• **Work instructions**
Output the data verbatim, minus the images.

• **Given material**
◆ ◆ ◆ ◆ ◆ ◆ ◆

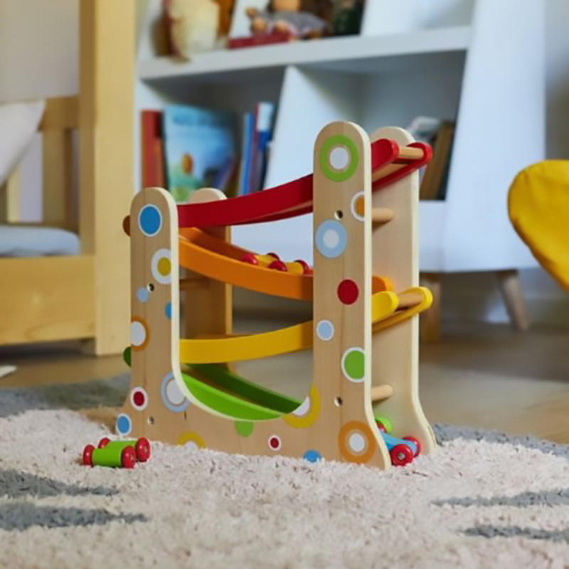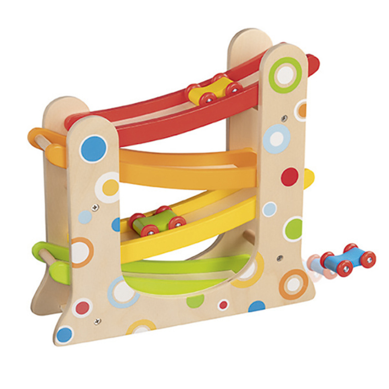 ¡La diversión a toda velocidad con esta pista de carreras de madera! Incluye tres coches que descienden rápidamente desde lo alto, ayudando a los niños a mejorar su coordinación mano-ojo mientras disfrutan de carreras llenas de emoción.
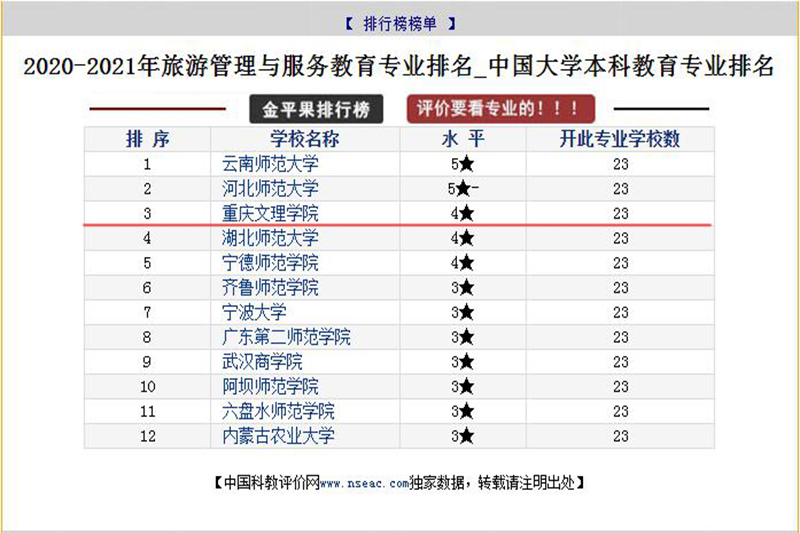2020年3月,金平果中评榜发布了2020中国大学分专业竞争力排行榜共计436个榜单。beat365旅游管理与服务教育专业在全国开办此专业的23所院校中排名第3,水平等级评定为4★,与2019年持平;会展经济与管理专业在全国开办此专业的106所院校中位列第14, 较2019年上升两个位次,评价排名由2019年的前1.86%提升到前1.32%。
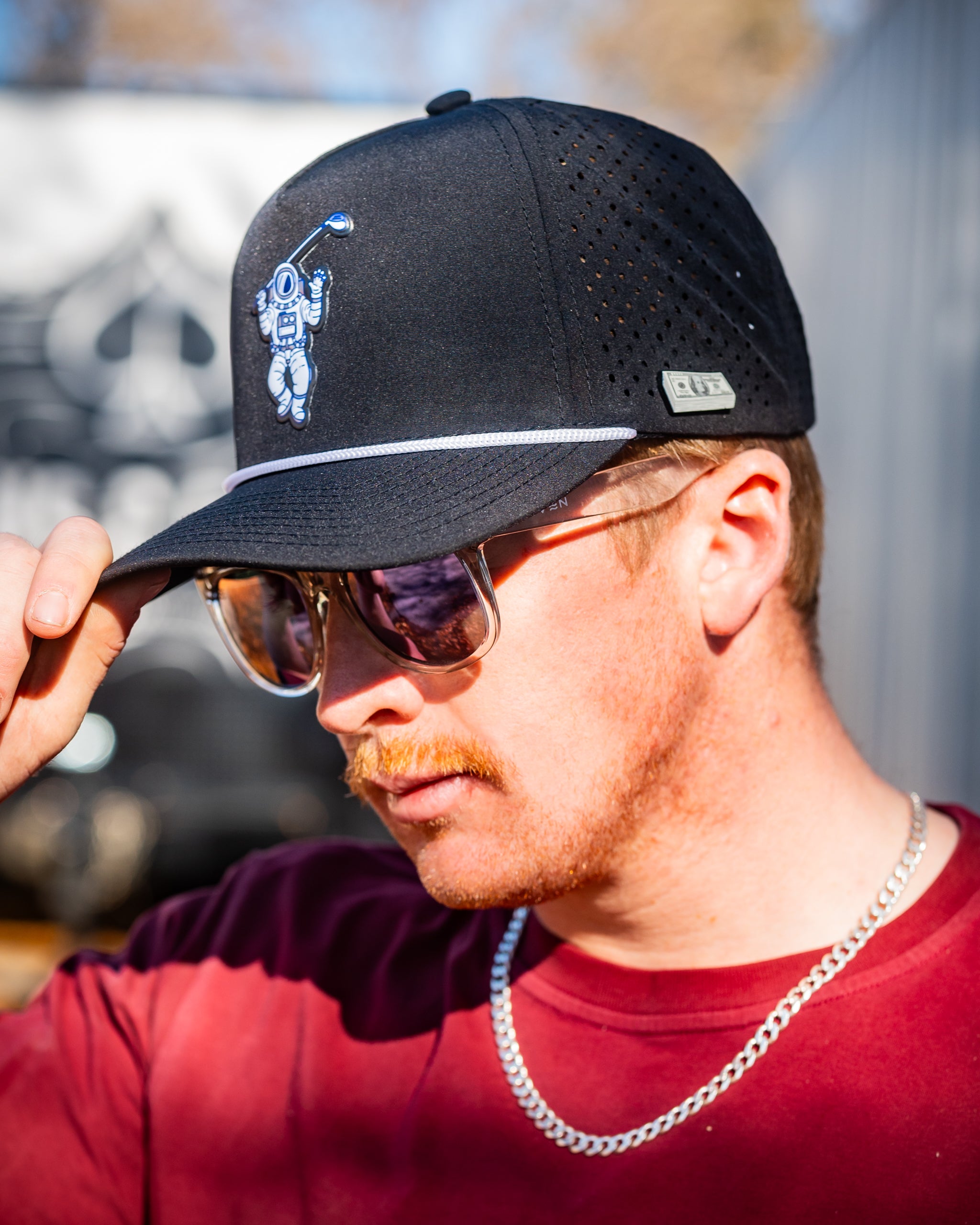 Black golf cap with a blue and white astronaut logo, perforated sides, and a white trim for bold golf style.

◆ ◆ ◆ ◆ ◆ ◆ ◆

• **Your response**
 ¡La diversión a toda velocidad con esta pista de carreras de madera! Incluye tres coches que descienden rápidamente desde lo alto, ayudando a los niños a mejorar su coordinación mano-ojo mientras disfrutan de carreras llenas de emoción.
2020年3月,金平果中评榜发布了2020中国大学分专业竞争力排行榜共计436个榜单。beat365旅游管理与服务教育专业在全国开办此专业的23所院校中排名第3,水平等级评定为4★,与2019年持平;会展经济与管理专业在全国开办此专业的106所院校中位列第14, 较2019年上升两个位次,评价排名由2019年的前1.86%提升到前1.32%。
 Black golf cap with a blue and white astronaut logo, perforated sides, and a white trim for bold golf style.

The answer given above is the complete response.